The following method is used to investigate the effect of antiseptics or antibiotics on bacterial growth.

1.	Spray the bench with the disinfectant spray and wipe with paper towels.
2.	Set up the heatproof mat with the Bunsen burner in the middle of your bench.
3.	Set the Bunsen burner to a yellow flame.
4.	Wash your hands using the antibacterial hand wash.
5.	Turn the agar plate upside down and using the pencil or permanent marker, divide the plate into four equally sized sections. Number the sections $$1, 2, 3$$​ and $$4$$ at the outer edge. Draw a dot in the middle of each section. Around the edge of the plate write your initials, the date and the name of the bacteria you are using. Note: You must always write on the bottom of the agar plate as they are stored upside down and if the lid becomes separated from the plate, you will still know what is growing on the plate. Note: You must always write the date and the type of bacteria you are working on so other scientists can take the necessary precautions.
6.	Turn the Bunsen burner flame to blue.
7.	Remove the lid of the bacterial culture vessel and flame the neck of the bottle in the Bunsen burner. Note: Keep the lid in your hand and do not put it on the bench.
8.	Use a disposable pipette to collect $$1\ ml$$ of the bacterial culture.
9.	Flame the neck of the bacterial culture vessel again and put the lid back on it.
10.	Slightly lift the lid of the agar plate and pipette the bacteria onto the agar. Quickly replace the lid.   Note: The agar plate should not be fully opened to prevent contamination.
11.	Immediately place the pipette in the beaker containing the disinfectant.
12.	Turn the Bunsen burner flame back to yellow.
13.	Take the glass spreader and dip it into the ethanol.
14.	​Pass the glass spreader through the Bunsen burner. Note: Hold the glass spreader at an angle so nothing drips down onto your skin.
15.	Remove the glass spreader from the flame and allow it to cool for $$20\ seconds$$. Note: You must allow the glass spreader to cool otherwise it will be too hot and it will kill the bacteria on the plate.
16.	Partially lift the lid of the agar plate and use the glass spreader to spread the bacteria around the nutrient agar.
17.	Shut the lid of the agar plate and place the glass spreader into the beaker containing the disinfectant.
18.	Soak or spread the different filter paper discs with the different antiseptics. Note: Leave one soaked in water as a control.
19.	Partially lift the lid of the agar plate and, using forceps, place one disc on each dot in each sector of the agar plate. Note: Make sure you write down which antimicrobial is in which section.
20.	Put the lid back on the agar plate and secure it in place with two small pieces of tape. Note: Do not tape the whole lid as this will create anaerobic conditions. The E. coli bacteria will not grow and anaerobic bacteria will grow instead (these are harmful bacteria).
21.	Incubate the plate for $$48\ hours$$​ at $$25\ \degree C$$.​

Analysis

This is how you would use your data to form conclusions.

Conclusion

The antimicrobials will diffuse out of the filter paper disc and prevent the growth of the bacteria. The larger the clear zone around a disc, the more effective the antibiotic is against the bacteria. Using your area, you can work out which antimicrobials are the most effective. The water is used as a control which means that any difference between the growth of the bacteria around the paper discs is because of the antimicrobials and not the effect of the paper.

Evaluation

After completing your experiment you must comment on the quality of your data and suggest improvements to the method you have used. 

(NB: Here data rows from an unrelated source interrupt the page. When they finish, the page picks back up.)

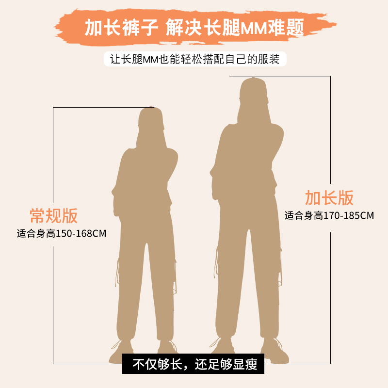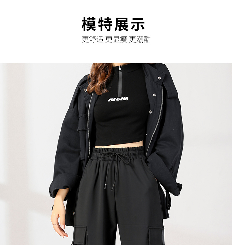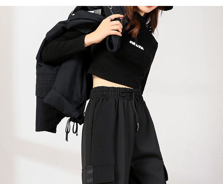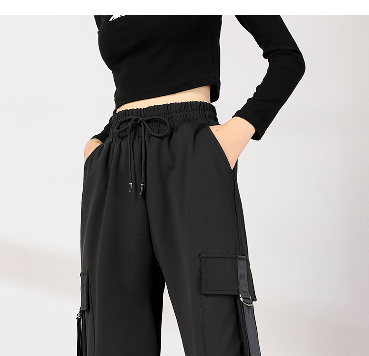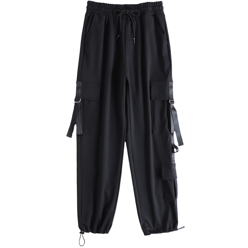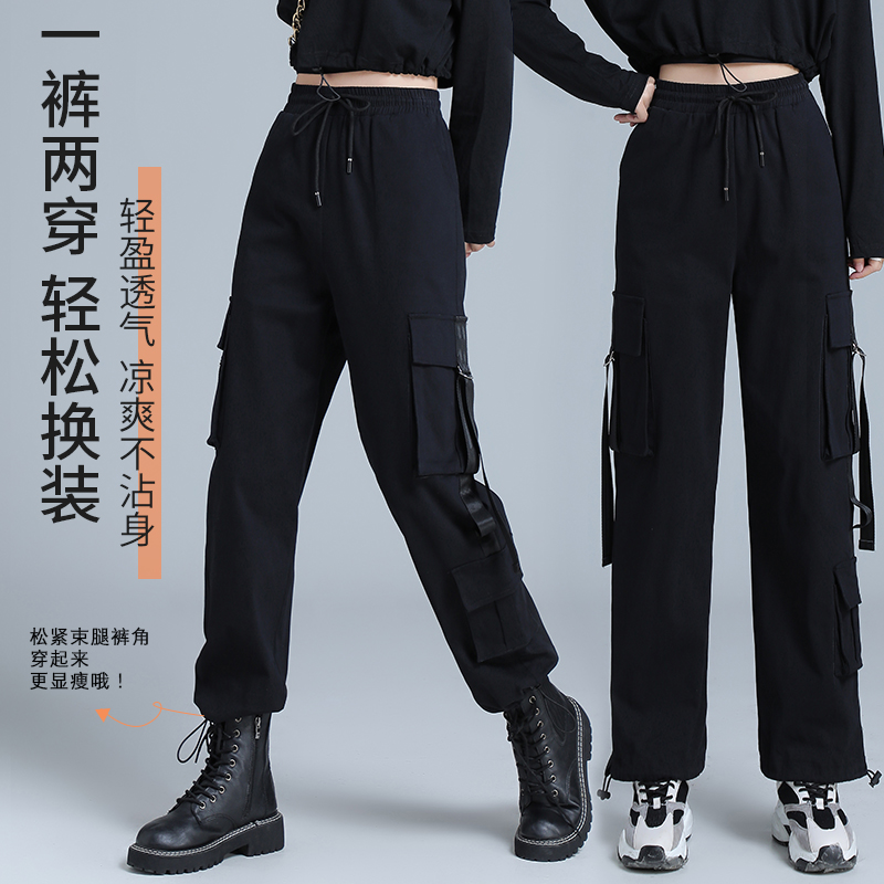美式束腳工裝褲女春秋2023新款抽繩高腰寬鬆顯瘦黑色加長休閒直筒
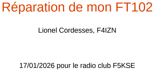 09/01/2026 Au menu de la réunion du 17 une présentation méthodique du dépannage d’un transceiver
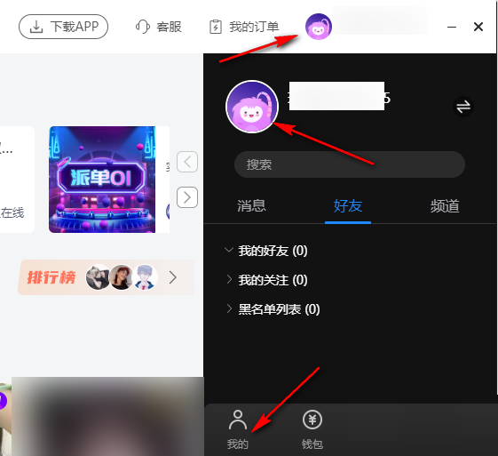 2、进入蝌蚪语音软件页面之后我们点击打开页面右上角的头像,然后在右侧出现的个人列表中,我们再点击一次头像,或是点击左下角“我的”选项,进入基本资料页面(如图所示)。
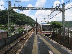 清滝駅のホーム (オリンピックラッピングです) |
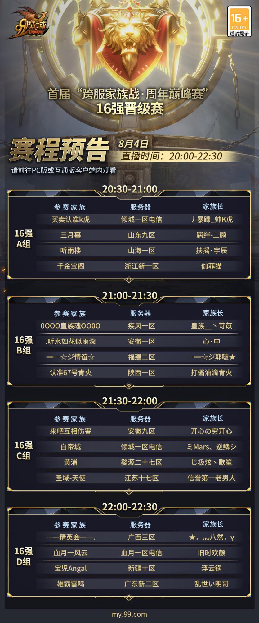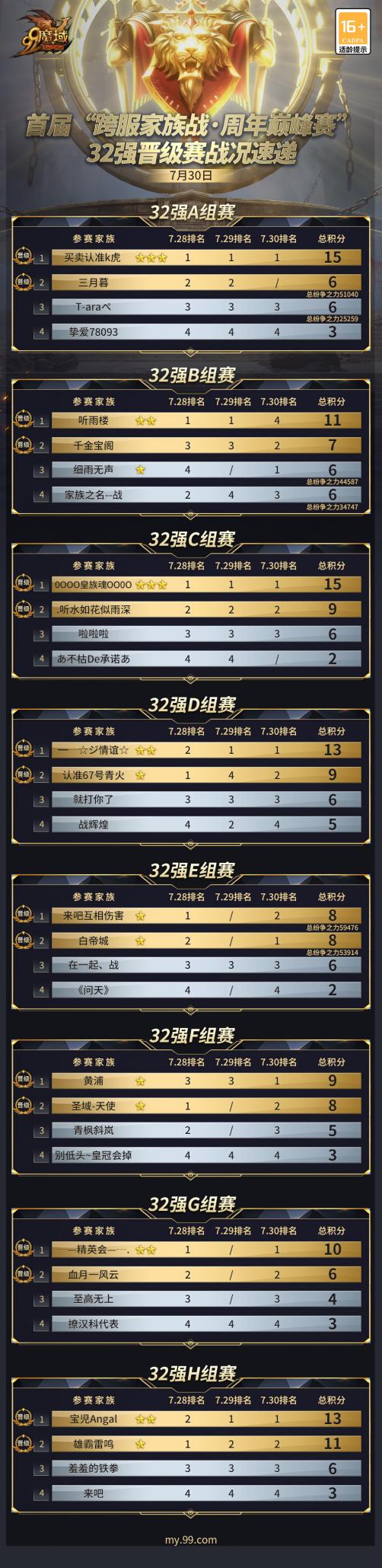 凝聚家族意志,剑指极致荣耀!《魔域》首届“跨服家族战·周年巅峰赛”32进16赛程已于近日完结,历经连续3日的鏖战,16支家族队伍突围成功,斩获巅峰荣耀殿堂的入场资格!一同细数晋级名单,纵观家族高光时刻! 残酷赛制热血鏖战 16强家族诸神归位 三轮次热血拼杀,出线权几度易主。而今封神榜上16强诸神均已归位,让我们为其助威呐喊! 32强A组:开赛以来【买卖认准k虎】与【三月暮】两大家族就已牢牢占据本组1、2名宝座,而携手出线的结果也是对其硬实力的最佳肯定。 32强B组:小组头名【听雨楼】实力毋庸置疑,而同样颇具实力的【细雨无声】却因为第二轮的违规丢分让本组出线名额变得扑朔迷离;最终【千金宝阁】把握住了机会,最后一轮摘取第二,将出线名额收入囊中。 32强C组:三轮比赛【0OOO皇族魂OO0O】均是一骑绝尘,【.听水如花似雨深】紧随其后,最终也正是此二家族锁定了出线名额。 32强D组:前两轮比赛【━┈☆ジ情谊☆】与【认准67号青火】轮流占据头把交椅,第三轮终于分出高下,分别以小组一、二名身份顺利晋级。 32强E组:最后一轮开赛之前E组出线形式仍可谓扑朔迷离,【来吧互相伤害】、【白帝城】、【在一起、战】三支队伍分差不过2分;最后一役白帝城全力以赴摘下本轮第一,来吧互相伤害位列本轮第二,两大家族均积8分携手晋级。 32强F组:F组战况犹如E组的翻版,前两轮比赛【黄埔】始终排名第三,最后一轮却迎来逆袭登顶,头名出线;【圣域-天使】凭借稳定发挥占据第二;而曾有望出线的【青枫斜岚】只得饮恨退场。 32强G组:本组比分依旧胶着,但好在【┄—精英会—┄.】与【血月一风云】凭借稳定实力在最后关头守住了一、二名的出线机会。 32强H组:首轮对决虽是【雄霸雷鸣】拔得头筹,而随后两轮【宝児Angal】则奋起直追摘下桂冠,以积分榜首之位与【雄霸雷鸣】携手出线。 巅峰荣耀犒赏惊人 直播观战好礼纷呈 16强新鲜出炉,“跨服家族战·周年巅峰赛”下半程开赛在即!8月4日至8月6月,等待着参战家族的将是更为残酷的单场淘汰赛制——唯有经受住连续三日疾风骤雨般的洗礼,方有资格问鼎巅峰家族的最高荣耀!夺冠家族更可揽下88888元京东卡奖励! 与此同时在游戏客户端内观看赛事直播、参与加油助威的玩家也有海量好礼恭候:每日观赛最高可得1000点“巅峰赛幸运豆”,兑换幸运礼盒开启500元京东卡、纪念银币等超值大礼;直播间内还将持续发放福袋大奖,抽取2000元京东卡华为mate30 Pro、10000点魔石等豪华奖励,让这场家族盛事成为属于每位玩家的热血狂欢! 巅峰家族花落谁家,观赛竞猜好礼备至!《魔域》“跨服家族战·周年巅峰赛”即将进入白热化阶段,共同见证载入《魔域》史册的家族对决,畅享豪礼天降的惊喜时刻! |
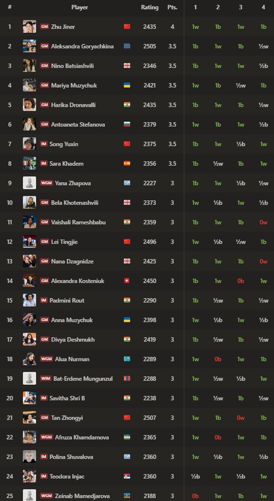 Аёллар ўртасида Афруза Ҳамдамова 3 очко билан терма жамоамиздаги энг яхши натижани қайд этмоқда - 22-ўрин. Гулруҳбегим Тохиржонова 2 очко билан ҳозирча 56-поғонада бормоқда. Бугун рапид баҳслари давом эттирилади.
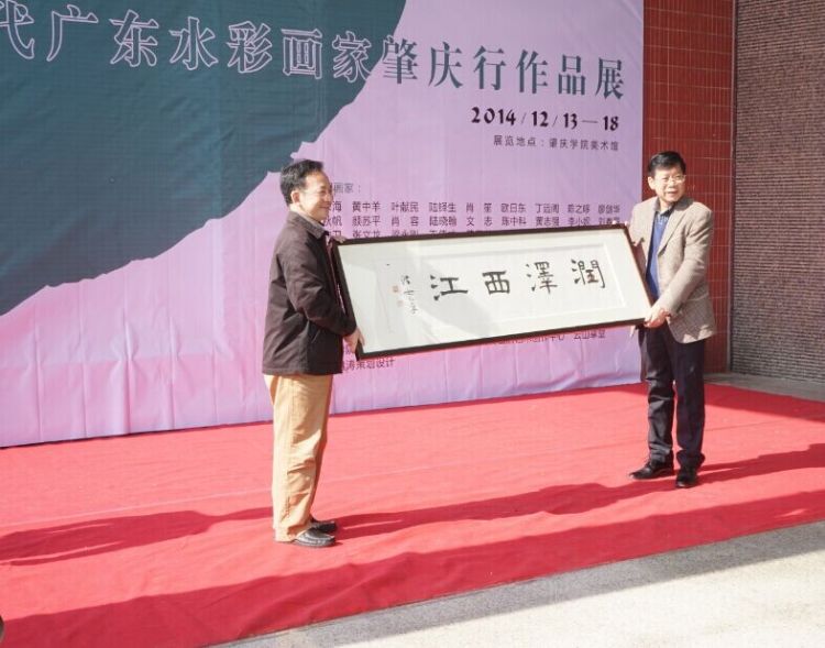 原广东省美术家协会水彩艺委会主任、广东水彩画研究会会长罗宗海先生、广东省水彩画研究会常务副秘书长、广州市美协水彩画艺委会执行主任欧日东先生及广东画公司党组书记、副经理洪楚平先生分别在开幕式做了致辞。最后,由肇庆公司党委副书记叶峥嵘先生代表十大正规买足球网站美术馆接受广东画公司党组书记、副经理洪楚平先生赠送的书法作品并颁发收藏证书。“润泽西江——当代广东水彩画家肇庆行作品展”开幕式圆满结束,相信展览一定会取得圆满成功,并有助于提高公司十大正规买足球网站水彩画的教学与创造研究。
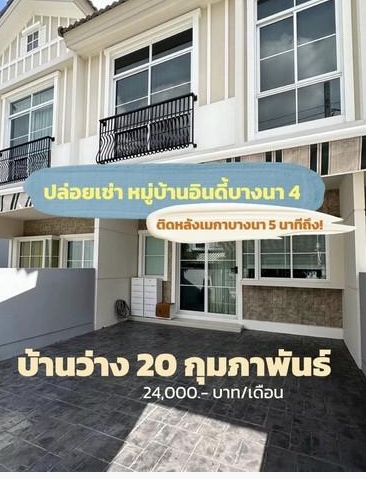 ให้เช่าและขาย ทาวน์โฮม 2ชั้น อินดี้บางนา 4 (เฟส2) ติดเมกาบางนา
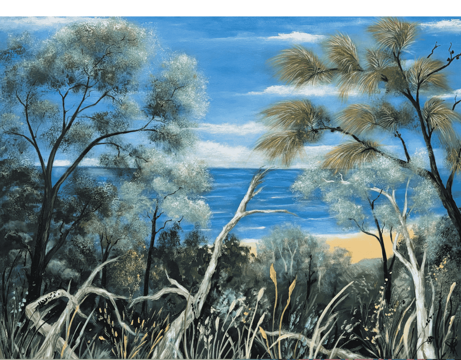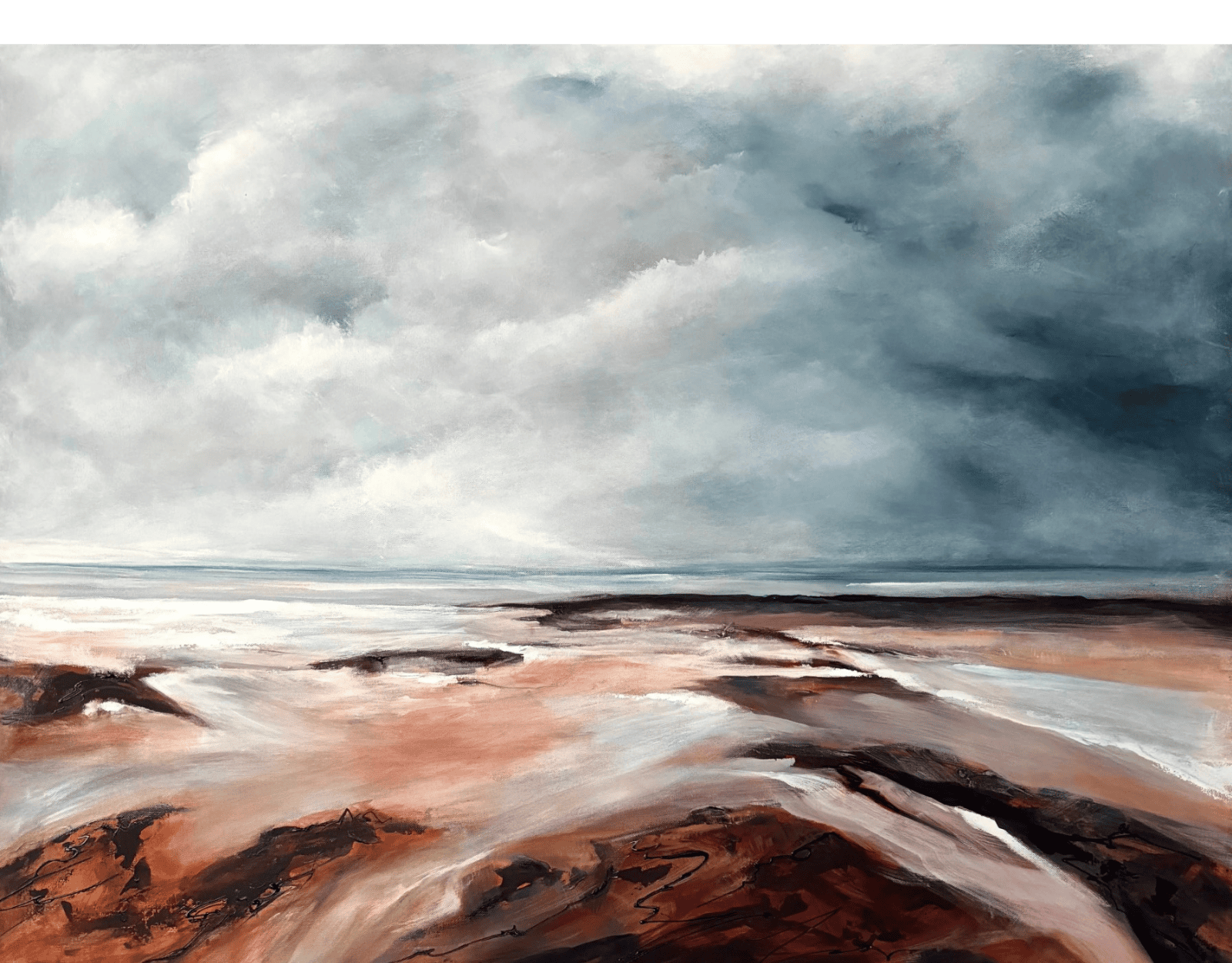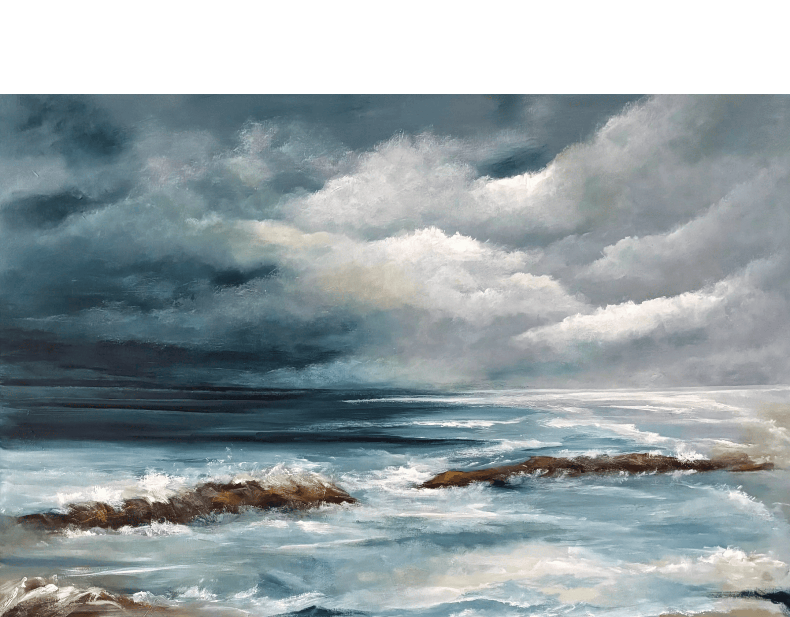 The Peninsula ocean beaches provide the most stunning array of sea and sky vistas. This semi abstract painting depicts a rare time of tranquility after the passing of the storm. The sky gradually clears, the light returns, and there are reflections on the sea and pools that seem to signal that calm has returned.

A common source of error is that the agar plate was taped incorrectly. If this is the case, the agar plate is considered hazardous as the bacteria that is growing on the plate is not E. coli. This plate would not be included in the results. 

If there is no bacteria growing on the plate, it is likely to be a result of a human error. If the inoculating loop is not left to cool enough before the bacterial sample is taken, the bacteria may be killed. Therefore, no bacteria will grow. 

The calculations are also a common source of error. Any mistakes when measuring the zone of inhibition will impact your final results. Therefore, you should use a ruler with clear markings and be careful when reading the ruler.